Exercise goal — The exercise calls for the lines from the one containing "Бушуева, О. Ю." to the end of the data below to be output exactly, pictures excluded.

Material provided START

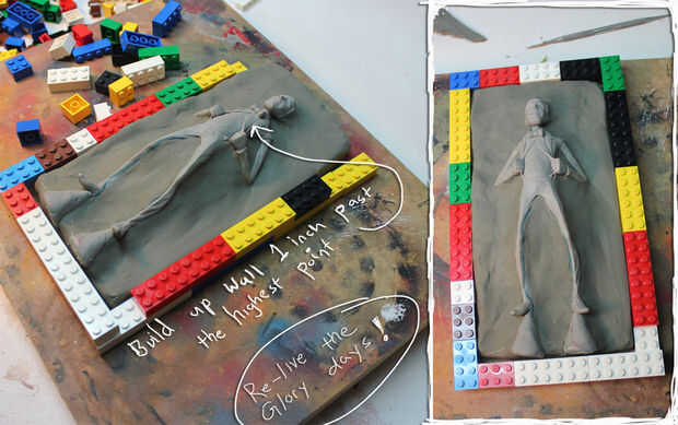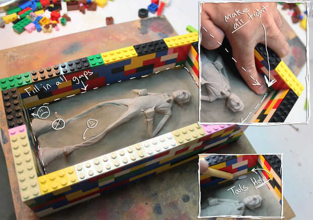 Queremos que la escultura ser completamente encapsulado en el caucho por lo que necesitamos para construir la pared más allá de la escultura de una buena cantidad. Asegurar también los Legos se empujan juntos agradable y apretado.
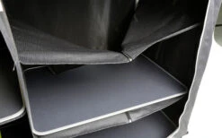 Un telaio preassemblato in alluminio, sul quale viene tirato un rivestimento di alta qualità in poliestere resistente, forma l’ossatura degli armadietti color antracite. I canali di design in poliestere rip-stop resistenti all’abrasione della copertura, in cui è incorporata una garza di ventilazione sul retro, garantiscono un montaggio e uno smontaggio rapido, i ripiani sono semplicemente inseriti. Tutti i piedi del giradischi sono regolabili in altezza e assicurano un supporto sicuro anche su superfici irregolari. L’estremità superiore della robusta costruzione è formata da un ripiano. Una pratica borsa per il trasporto e la conservazione è inclusa nella consegna.
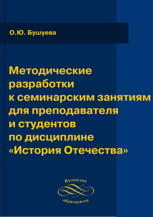 Бушуева, О. Ю. Методические разработки к семинарским занятиям для преподавателя и студентов по дисциплине «История Отечества» : учебно-методическое пособие / О. Ю. Бушуева. — Самара : РЕАВИЗ, 2012. — 144 c. — Текст : электронный // Цифровой образовательный ресурс IPR SMART : [сайт]. — URL: https://www.iprbookshop.ru/18410.html (дата обращения: 12.09.2025). — Режим доступа: для авторизир. пользователей
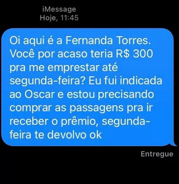 “Oi, aqui é a Fernanda Torres. Você por acaso teria R$ 300 pra me emprestar até segunda-feira? Eu fui indicada ao Oscar e estou precisando comprar as passagens pra ir receber o prêmio, segunda-feira te devolvo, ok”, prometeram.

Material provided END

Exercise result —
 Бушуева, О. Ю. Методические разработки к семинарским занятиям для преподавателя и студентов по дисциплине «История Отечества» : учебно-методическое пособие / О. Ю. Бушуева. — Самара : РЕАВИЗ, 2012. — 144 c. — Текст : электронный // Цифровой образовательный ресурс IPR SMART : [сайт]. — URL: https://www.iprbookshop.ru/18410.html (дата обращения: 12.09.2025). — Режим доступа: для авторизир. пользователей
 “Oi, aqui é a Fernanda Torres. Você por acaso teria R$ 300 pra me emprestar até segunda-feira? Eu fui indicada ao Oscar e estou precisando comprar as passagens pra ir receber o prêmio, segunda-feira te devolvo, ok”, prometeram.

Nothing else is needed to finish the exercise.